The Engineering Export Promotion Council (EEPC), a major trade and investment promotion body of India, sponsored by the Ministry of Commerce and Industry of the Government of India, has provided the Indian engineering sector as an advisory body, saying it expects sanctions. Imposing on Russia in the wake of the Ukraine invasion could help open up opportunities for Indian exporters.
EEPC Chairman Mahesh Desai said the sanctions could provide an opportunity for Indian engineering exporters to replace Russia in the global market, but the war has created significant risks for the global economy and trade.
In addition to the war, the association expects an increase in COVID-19 cases in China as a major challenge to the smooth functioning of the global supply chain. Adding to that, they expect inflationary pressures in the US, real estate instability in China, as well as some of the reasons for rising steel prices in India, which could act as a barrier to exports in the coming months.

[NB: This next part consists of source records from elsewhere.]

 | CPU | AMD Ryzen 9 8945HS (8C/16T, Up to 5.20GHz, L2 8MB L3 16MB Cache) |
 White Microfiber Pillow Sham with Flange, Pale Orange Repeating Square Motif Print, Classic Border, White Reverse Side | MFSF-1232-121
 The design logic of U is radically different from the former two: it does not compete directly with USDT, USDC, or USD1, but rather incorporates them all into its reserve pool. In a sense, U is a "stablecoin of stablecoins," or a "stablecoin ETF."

The EEPC said in a statement that engineering products showed an outstanding export performance, with engineering exports increasing by 46% to Y 112.10 billion in FY22, exceeding the $ 107.34 billion target set by the Center. Of the 34 engineering product panels, 32 witnessed growth in FY. Engineering accounted for 26.7% of total product exports.

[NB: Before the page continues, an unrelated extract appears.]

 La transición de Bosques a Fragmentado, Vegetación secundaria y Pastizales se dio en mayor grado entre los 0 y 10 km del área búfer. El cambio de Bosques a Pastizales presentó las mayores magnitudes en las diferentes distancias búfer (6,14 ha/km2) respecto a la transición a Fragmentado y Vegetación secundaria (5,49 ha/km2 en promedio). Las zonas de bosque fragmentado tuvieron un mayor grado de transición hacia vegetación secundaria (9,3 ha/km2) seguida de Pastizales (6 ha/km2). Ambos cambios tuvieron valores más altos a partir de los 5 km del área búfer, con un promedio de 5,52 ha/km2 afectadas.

For the first time, monthly engineering exports exceeded the $ 11-billion mark in March, rising 19.7% to $ 11.13 billion.
About 75% of India’s total engineering exports went to the top 25 export destinations, including the United States, China, Germany, Italy and Singapore. Exports to China, however, fell 44.5% to $ 316 million in March. In fiscal year, total exports to China were $ 5.45 billion compared to $ 4.84 billion. Other countries that have recorded positive growth include Germany, Turkey, Italy, the United Kingdom, Mexico, Vietnam and Singapore, the EEPC added.